O cinema tem um papel fundamental na construção da memória histórica, especialmente em um país onde as feridas da ditadura militar ainda são negadas por setores que buscam reescrever o passado. Assistir a Ainda Estou Aqui (2023), longa que retrata a trajetória de Eunice Paiva, é um passo importante para resgatar essas histórias. No entanto, há outras figuras igualmente essenciais que precisam ser lembradas, como Madre Maurina Borges da Silveira. Primeira freira presa e torturada pelo regime, sua história não pode ser esquecida.
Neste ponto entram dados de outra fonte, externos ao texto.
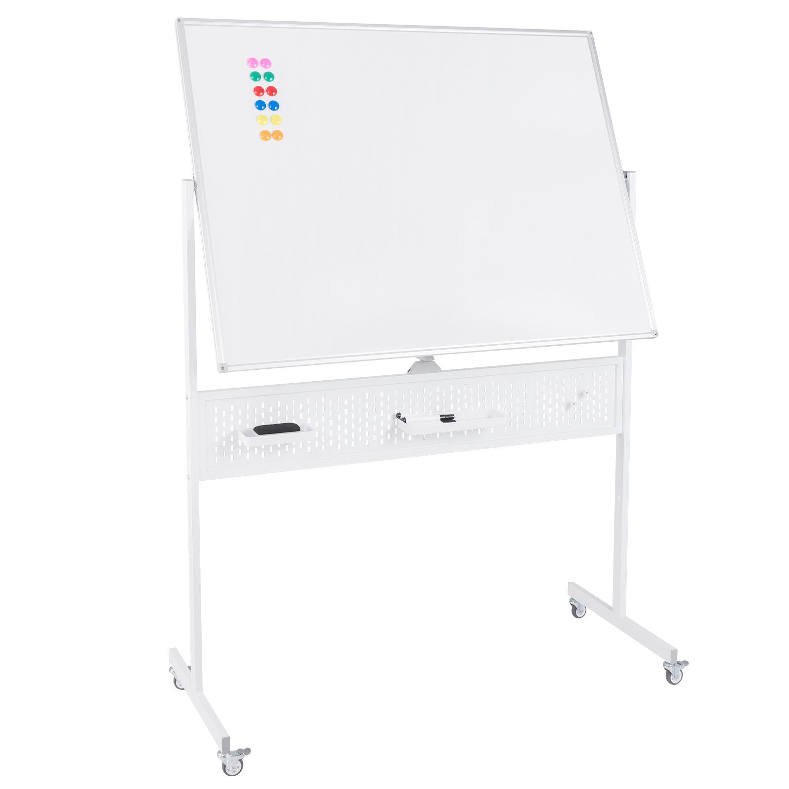 Mit den Maßen 120 x 90 cm und 2 verfügbaren Höhen (160 / 180 cm) bietet diese doppelseitige weiße Tafel reichlich Platz zum Schreiben und ist sowohl für Teenager als auch für Erwachsene geeignet. Sie ist mit den meisten trocken abwischbaren Markern kompatibel und lässt sich mühelos mit einem schnellen Wisch reinigen, ohne dass Schlieren oder Flecken zurückbleiben. Die magnetischen Oberflächen eignen sich perfekt zum Anbringen von Notizen, Diagrammen und Dokumenten für mehr Klarheit. Als zusätzlicher Bonus ist ein Zubehörset enthalten, darunter 6 Marker, ein Whiteboard-Radierer und 12 bunte Magnete. Eine integrierte Stecktafel in voller Длина sowie 2 zusätzliche Ablagefächer und 2 Haken helfen dabei, dieses Zubehör und Ihre Sachen geordnet und leicht zu finden aufzubewahren.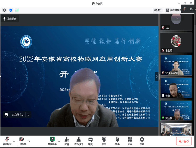 11月13日上午,由安徽省教育厅主办,kaiyun开云官方网站_kaiyun开云(中国)股份有限公司,信息与网络工程学院承办的2022年安徽省高校物联网应用创新大赛在我校龙湖校区如期举行,kaiyun开云官方网站_kaiyun开云(中国)股份有限公司,副院长黄远友出席开幕式并致开幕辞。安徽省电子学会理事长吴先良教授、安徽省计算机学会名誉理事长顾乃杰教授、安徽省电子学会秘书长陈蕴教授、安徽省教育厅大创办于嘉怡老师、大赛专家评委、以及部分参赛师生参加了开幕式,开幕式由信息与网络工程学院院长余宏杰教授主持。

A ditadura militar (1964-1985) perseguiu não apenas militantes políticos, mas também religiosos comprometidos com causas sociais. A prisão de Madre Maurina em Ribeirão Preto, em 1969, sob a falsa acusação de envolvimento com a Vanguarda Popular Revolucionária (VPR), demonstra como a repressão visava qualquer forma de dissidência. O objetivo não era apenas silenciar opositores, mas também disseminar o terror, mostrando que ninguém estava a salvo, nem mesmo uma religiosa dedicada ao trabalho social.
Diante dessa realidade, é fundamental resgatar sua trajetória, seja pelo documentário “Maurina, o Outono que Não Acabou”, seja por obras literárias como “A Coragem da Inocência de Madre Maurina Borges da Silveira”, escrita por seu irmão, Frei Manoel Borges da Silveira, junto com Saulo Gomes e Moacyr Castro. O livro detalha sua prisão, as torturas brutais que sofreu e seu posterior exílio no México em 1970. Como bem pontua a apresentação da obra: “A coragem e a inocência são de Madre Maurina Borges da Silveira. A covardia e a culpa são dos ditadores e seus cúmplices” (Comissão da Verdade – ALSP]
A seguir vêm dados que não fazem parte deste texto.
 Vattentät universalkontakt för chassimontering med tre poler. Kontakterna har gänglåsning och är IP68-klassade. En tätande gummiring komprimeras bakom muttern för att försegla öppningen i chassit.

Mais do que um relato de sofrimento, a história de Madre Maurina é uma demonstração de resistência. Diferente de uma visão passiva da vítima, ela simboliza aqueles que, mesmo diante da tortura, não cederam à lógica da opressão. Seu nome deve ser lembrado ao lado de figuras como Frei Tito, também torturado pelo regime e posteriormente levado ao suicídio devido às sequelas psicológicas. Assim como Batismo de Sangue (2007) trouxe a história dos frades dominicanos, o cinema deveria ampliar a abordagem sobre religiosos perseguidos pela ditadura, incluindo Madre Maurina.
O documentário “Maurina, o Outono que Não Acabou”, dirigido por Gabriel Silva Mendeleh e produzido pela Kauzare Filmes, preenche essa lacuna ao resgatar sua trajetória. Com entrevistas de ex-presos políticos, historiadores e jornalistas, além de imagens de arquivo e reconstituições, o filme evidencia não apenas a brutalidade do regime, mas também a força de uma mulher que sobreviveu à tortura sem abrir mão de suas convicções. Seu impacto foi reconhecido internacionalmente, com prêmios no Festival Cinema Independente de Sevilha e exibições em diversos países (Memorial da Resistência)
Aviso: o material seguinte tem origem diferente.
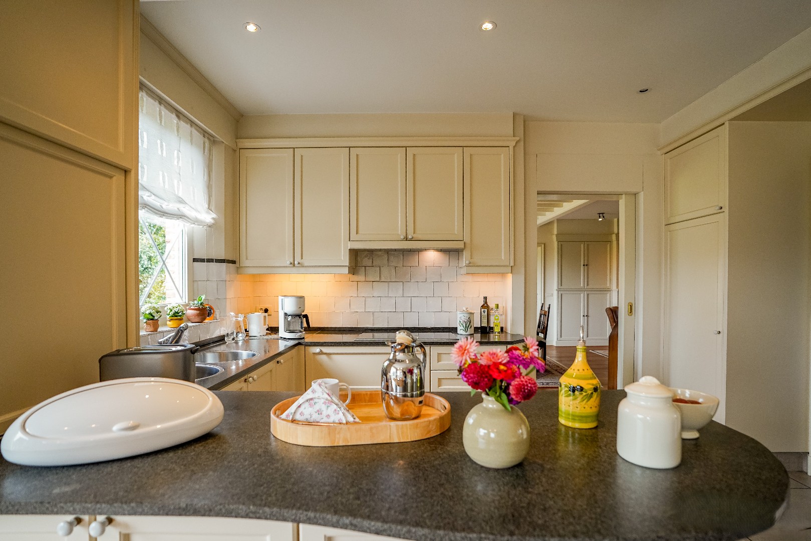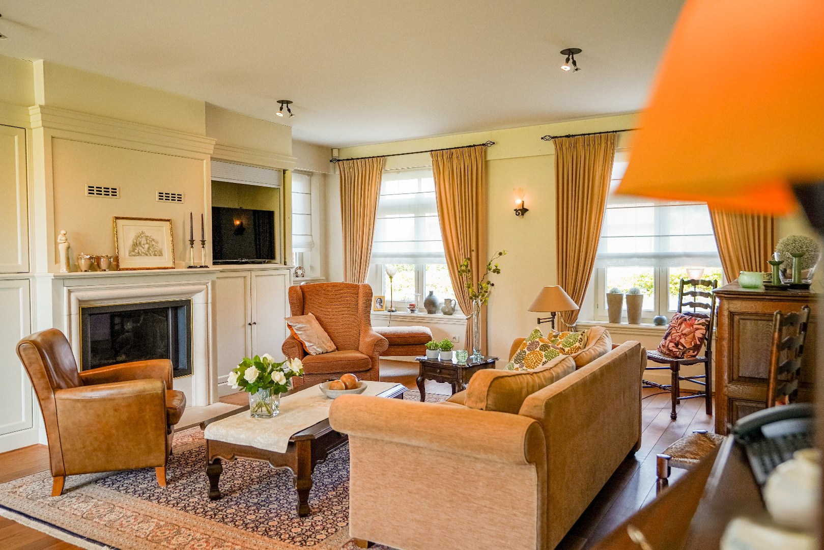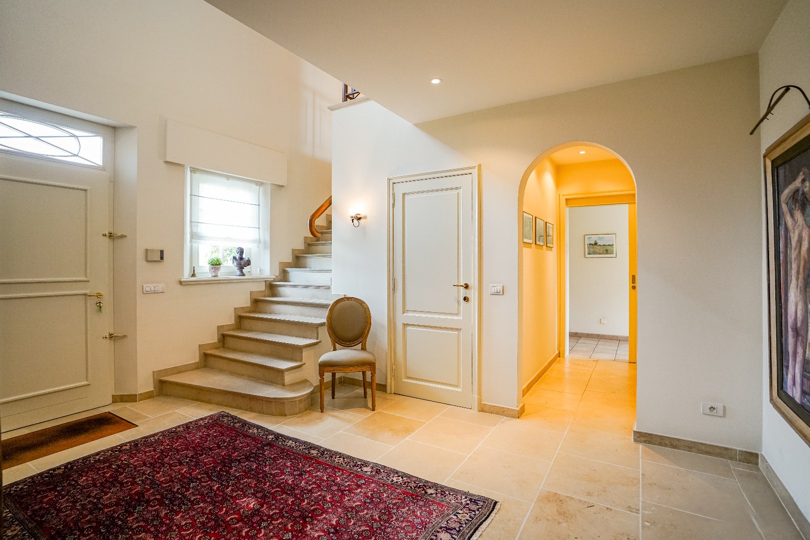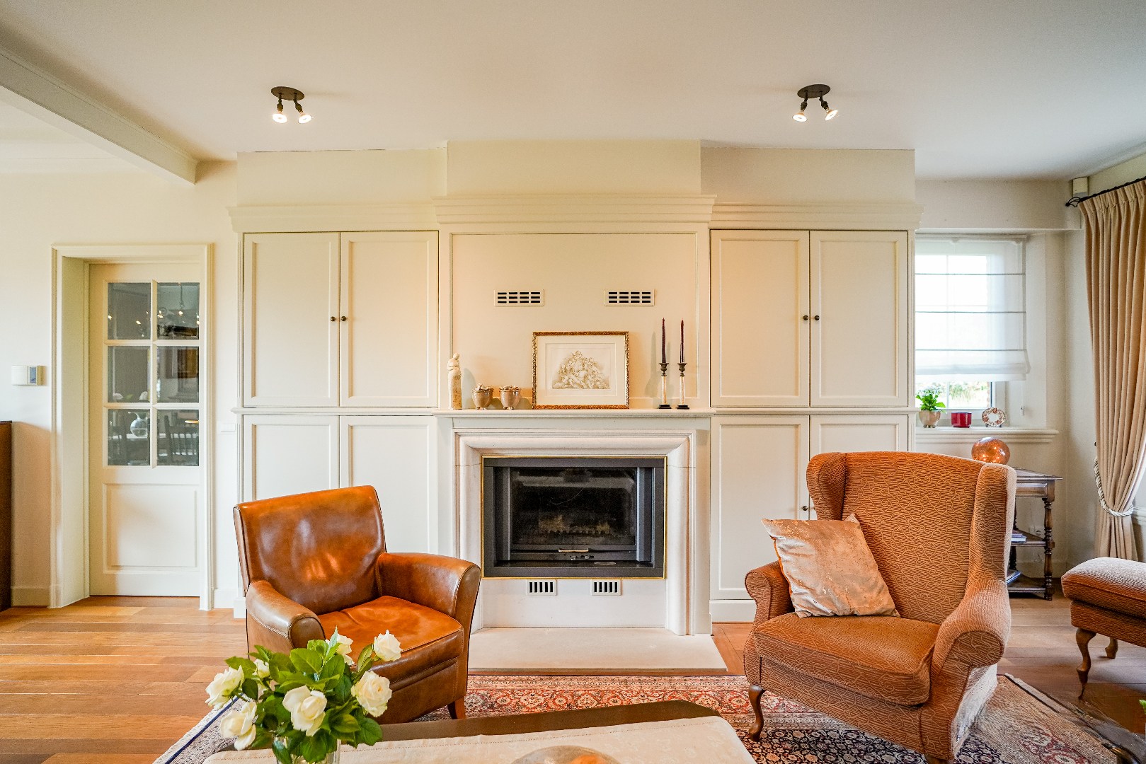 Via de royale hal met imposante marmeren trap en vestiaire betreedt u deze stijlvolle woning. De ruime woonkamer met parketvloer en open haard ademt warmte en klasse uit, en biedt dankzij het grote raampartij een prachtig zicht op de verzorgde tuin. Aansluitend bevindt zich de gezellige tuinkamer, eveneens met tuinzicht, en een ingericht buro – ideaal voor wie thuis werkt.

A luta pela memória e pela verdade não se limita ao passado. Hoje, discursos autoritários tentam minimizar os crimes da ditadura, glorificando seus algozes e desqualificando suas vítimas. Manter viva a história de Madre Maurina é um ato de resistência contra o revisionismo histórico que ameaça apagar as marcas da repressão. Como demonstram estudos acadêmicos, sua trajetória transcende a narrativa individual, tornando-se símbolo da luta coletiva contra o autoritarismo.
Resgatar essas narrativas é essencial para que o outono da repressão não se repita. Como dizia frei Betto,”o que move a história não são os grandes líderes, mas a força dos que resistem”. E Madre Maurina resistiu. Sua memória deve seguir viva para que o Brasil jamais esqueça os horrores que ela e tantos outros enfrentaram.